Regulation of glucagon secretion by GLP-1: a role for GLP (9-36) mediated by a novel GLP-1 receptor?
GLP-1 is a potential therapy for diabetes because it increases insulin production and reduces production of glucagon, a hormone that elevates blood glucose. Dr Ramracheya will study islets in the lab to uncover the mechanisms involved in GLP-1 action.
Background to research
The high blood glucose levels experienced in Type 1 and Type 2 diabetes result from insufficient release of insulin combined with over-production of glucagon. Glucagon is a hormone produced by alpha-cells in the pancreas that increases blood glucose by causing glucose to be released from stores in the liver. Glucagon-like peptide-1 (GLP-1) is a hormone that has great potential as a treatment for diabetes because it increases insulin production and reduces the production of glucagon. Currently GLP-1 itself, drugs similar to GLP-1 (such as Byetta) and drugs that prevent the breakdown of GLP-1 (such as Sitagliptin) are used to help manage blood glucose in people with diabetes. The mechanisms by which GLP-1 improves insulin production are well-understood but much less is known about the mechanisms by which GLP-1 inhibits glucagon production and how these vary in diabetes.

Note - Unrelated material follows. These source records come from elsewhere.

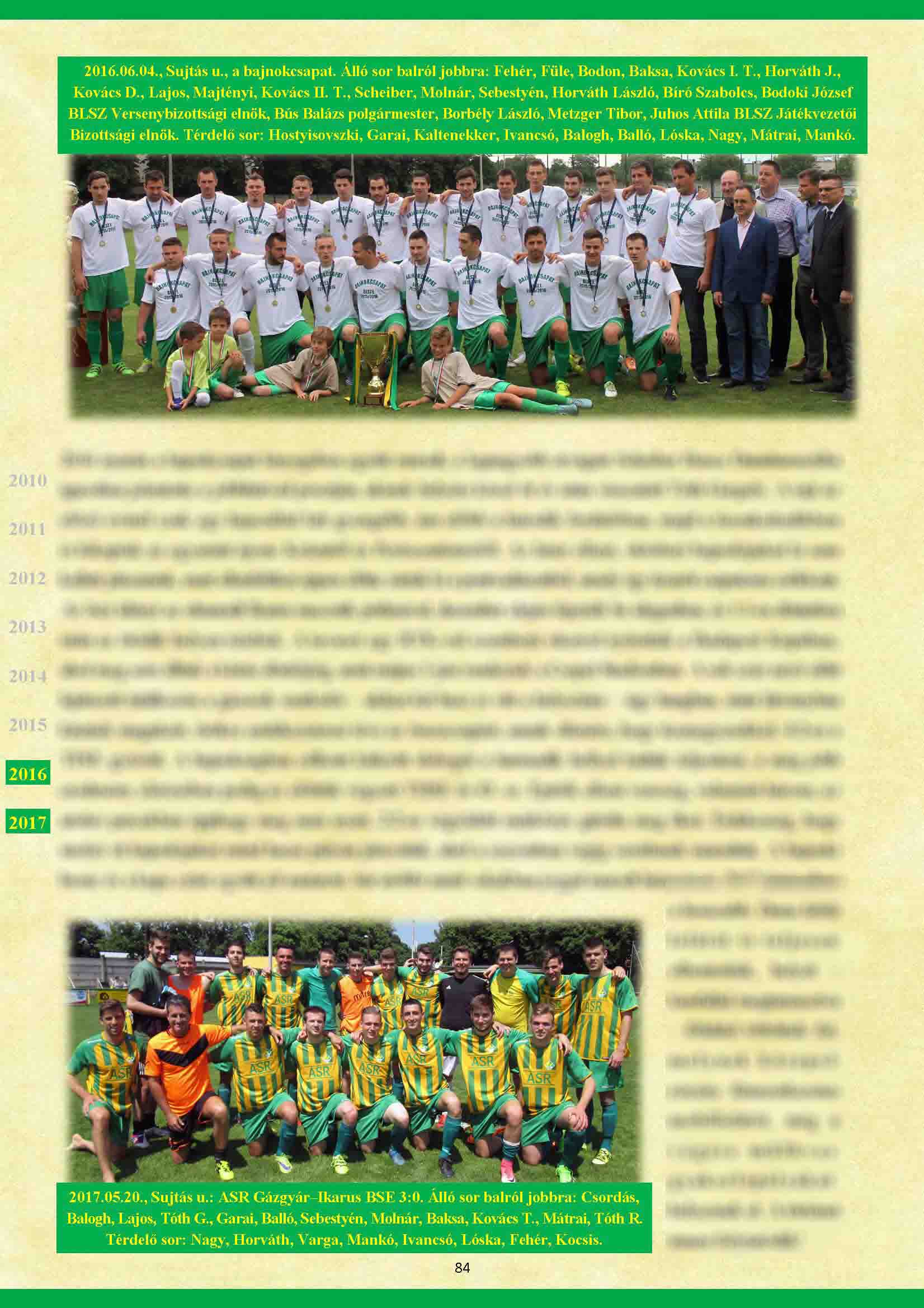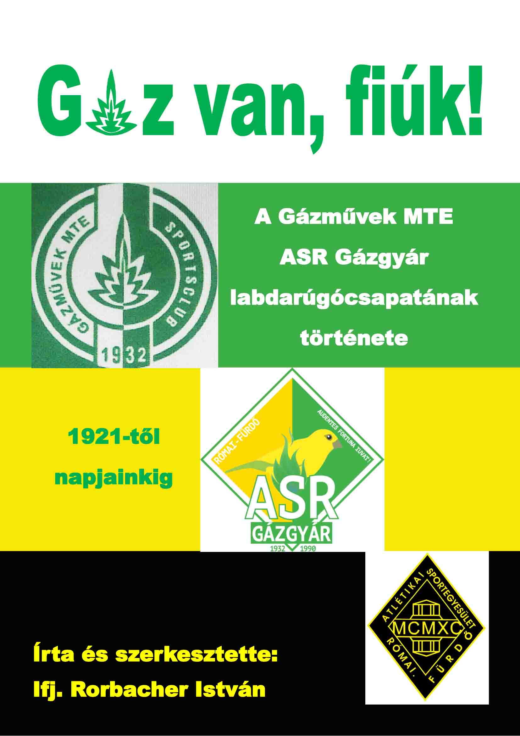 Felnőtt I. 30. forduló meccs eredménye itt, a képek és a beszámoló itt és itt! Felnőtt II. 26. fordulóbeli meccs eredménye itt! Kedves Szurkolóink, Szimpatizánsaink! Hét év előkészítő munka után 05.18-án kézhez kaptam a könyvet, amibe szivemet, lelkemet beleadtam. Aki szeretne belőle példányt, az a soron következő három bajnoki mérkőzésünk előtt és után a Sujtás utcában megvásárolhatja, anyagköltségen. 360 színes A4-es oldal, több mint 300 képpel, klubtörténettel, interjúkkal, visszaemlékezésekkel, játékosnévsorokkal, tabellákkal, bajnoki eredményekkel és sok más kiegészítő anyaggal. Hajrá ASR! Hajrá Gáz!
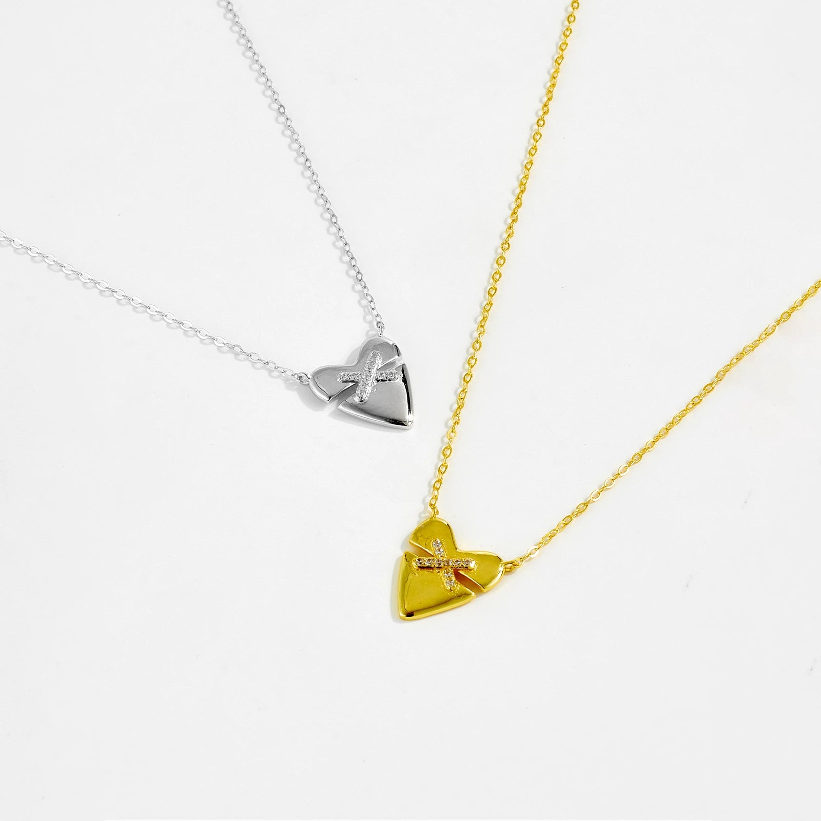 Wholesale Jewelry Silver Geometric Cross Pendant Necklace Electroplated With Platinum And 18K Gold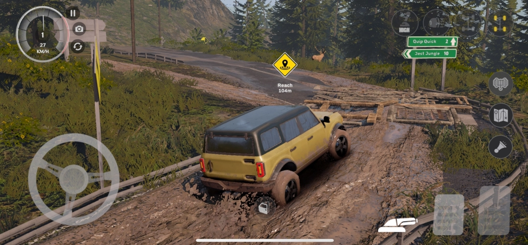 2. 围绕越野这一核心主题,游戏会在赛道中融入各类极限地形元素,以此增强驾驶过程的挑战性。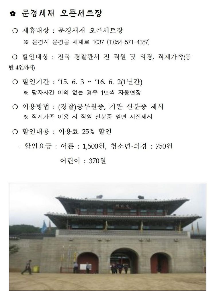 문경 새재오픈 세트장 - 입장료 할인 (경찰 제휴 할인)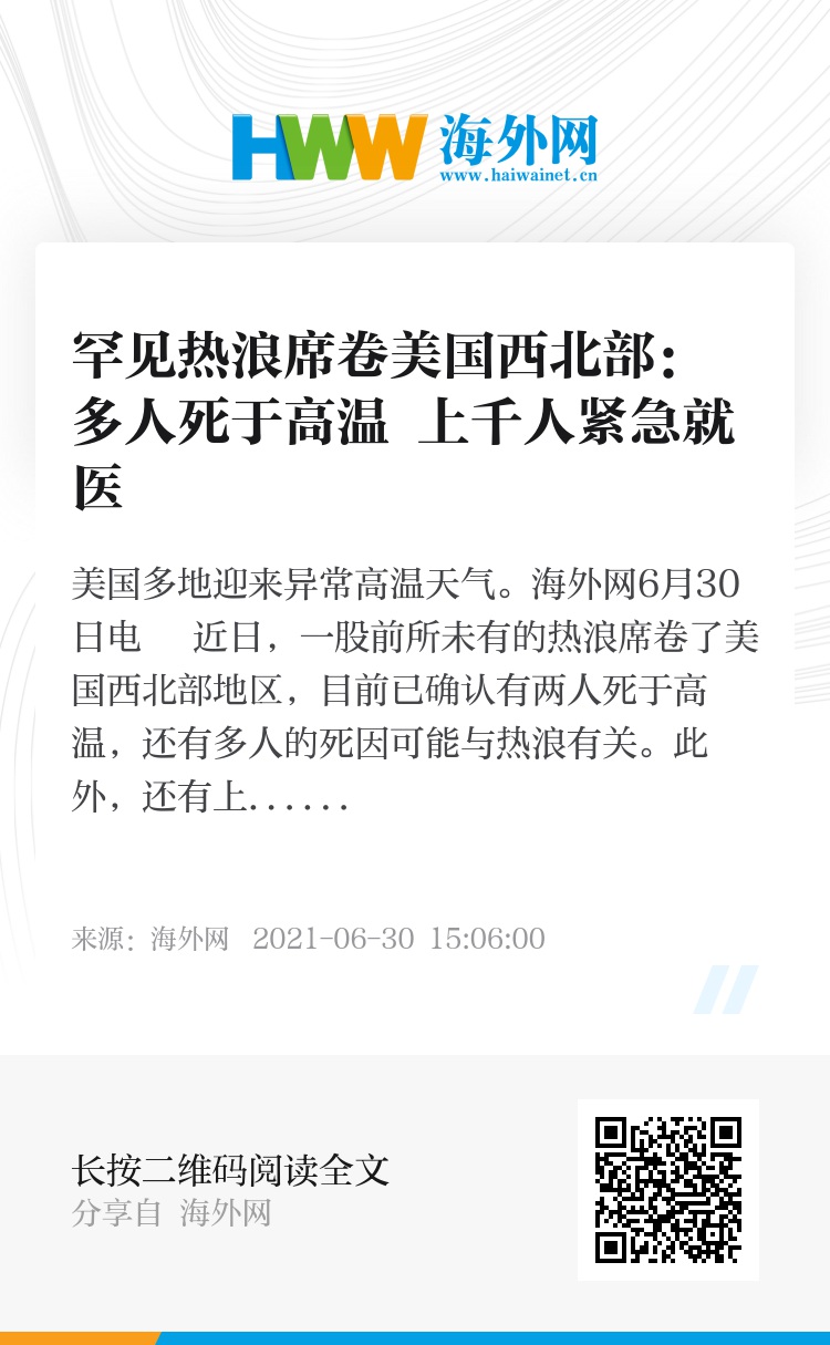 海外网6月30日电 近日,一股前所未有的热浪席卷了美国西北部地区,目前已确认有两人死于高温,还有多人的死因可能与热浪有关。此外,还有上千人因高温导致的身体不适和疾病而紧急就医。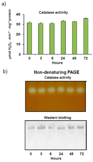 Catalase activity and protein content as a function of time in crude extracts from sweet pepper fruits. (a) Total enzyme activity. Samples were incubated at 4 °C for 0 to 72 h and then analyzed for catalase activity. Results are means ± SEM of samples from at least three different experiments, while the ANOVA test (p < 0.05) was used for statistical analysis. (b) Activity and protein level of the catalase isoenzyme as a function of time in pepper fruit. Prior to electrophoresis, samples were incubated at 4 °C for 0 to 72 h. Native electrophoresis was performed in 6% acrylamide gels for these assays. Green pepper fruit samples (20 μg protein) were used for catalase activity staining in gels. For western blot assays, pepper fruit samples (20 μg protein) were loaded onto gels and catalase was detected using an antibody against Arabidopsis thaliana catalase (1:5000 dilution). Shown pictures are representative of the non-denaturing PAGE and western blotting assays from at least three independent experiments.

Dr Ramracheya aims to uncover GLP-1-related effects on the release of glucagon from islets in the pancreas and will find out if these effects involve an as yet unidentified receptor for GLP-1. This will involve studying the effects of GLP-1 on electrical activity and chemical signalling in alpha cells of the pancreas, finding out if alpha cells contain a GLP-1 receptor distinct from the one in beta cells, performing studies to work out the molecular structure of the receptor and studying the signalling mechanisms that work to stop glucagon release. Her work will involve studying isolated human islets in the laboratory and comparing the effects of GLP-1 with drugs that mimic the effects of GLP-1
Potential benefit to people with diabetes
The role of the hormone glucagon in the management of diabetes has so far been largely overlooked in the search for new therapies to increase insulin production. In the long term, findings from this Fellowship could lead to the development of new therapies for accurately targeting the overproduction of glucagon in both Type 1 and Type 2 diabetes.